Calypso Theme Waterpark is a waterpark located in Limoges, Ontario, Canada, about  east of Ottawa. The park opened to the public on June 7, 2010.

The park features 35 waterslides, a wave pool (the largest in Canada) and two lazy rivers as well as a food outlets, shops, picnic areas, and a VIP area with private cabanas and suites.

The park can accommodate 22,000 visitors per day.
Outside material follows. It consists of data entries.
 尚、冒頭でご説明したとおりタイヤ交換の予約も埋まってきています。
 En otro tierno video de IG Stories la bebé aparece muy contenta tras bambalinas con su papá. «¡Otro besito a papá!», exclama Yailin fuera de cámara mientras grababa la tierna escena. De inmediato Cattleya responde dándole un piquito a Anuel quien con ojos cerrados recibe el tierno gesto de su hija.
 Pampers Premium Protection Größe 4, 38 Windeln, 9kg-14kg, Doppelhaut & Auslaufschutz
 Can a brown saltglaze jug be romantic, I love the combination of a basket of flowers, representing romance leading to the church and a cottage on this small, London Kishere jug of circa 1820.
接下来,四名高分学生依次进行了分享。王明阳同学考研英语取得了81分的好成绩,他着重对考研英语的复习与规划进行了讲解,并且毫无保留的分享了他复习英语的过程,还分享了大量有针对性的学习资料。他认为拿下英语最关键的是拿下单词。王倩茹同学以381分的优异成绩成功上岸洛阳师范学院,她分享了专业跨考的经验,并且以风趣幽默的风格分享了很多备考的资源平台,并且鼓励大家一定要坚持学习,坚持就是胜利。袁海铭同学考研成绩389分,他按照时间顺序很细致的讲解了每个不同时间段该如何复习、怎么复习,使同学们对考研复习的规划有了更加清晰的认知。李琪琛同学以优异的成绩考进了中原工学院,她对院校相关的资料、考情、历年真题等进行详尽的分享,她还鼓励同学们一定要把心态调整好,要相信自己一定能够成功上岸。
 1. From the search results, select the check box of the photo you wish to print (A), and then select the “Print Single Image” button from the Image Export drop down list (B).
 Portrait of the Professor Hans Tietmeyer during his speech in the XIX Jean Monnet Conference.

On average, the park receives 400,000 visitors each season.

Attractions 
 Accelerators; 4 tube slides
 Blue Rocket
 Orange Bobsleigh
 Stroboscope
 Toboggan Alley
 Adrenaline; a speed slide.
 Aqualoops; 2 AquaLoop slides
 Blackhole; a tube slide.
 Boomerango; a half-pipe rafting slide.
 Calypso Palace; a wave pool.
 Canyon Rafting; a rafting slide.
 Family Twisters; 4 body slides
 Aquashake
 Mellow Yellow
 Pigtail
 Twist & Shout
 Fast Track; a multi-lane racer slide.
 Funtana; a splash pad.
 Jungle Challenge; an obstacle course.
 Jungle Run; a lazy river.
 Kongo Expedition; a lazy river.
 Pirate's Aquaplay; a water play structure.
 Turbo Lab; 4 bowl slides.
 Acid Test; tube slide
 Frosty Drop; body slide
 Hot Dip; body slide
 Steamer; tube slide
 Turbulence; a tube slide.
 Vertigo; a speed slide.
 Zoo Lagoon; a children's play area with small slides.
 Zoomerang; a half-pipe tube slide.

Safety violations
During a one-month period in the summer of 2011, there were 10 injuries on Steamer, two of which resulted in spinal injuries. In all cases, the park failed to shut down the ride and did not report the incidents until the end of the season in September.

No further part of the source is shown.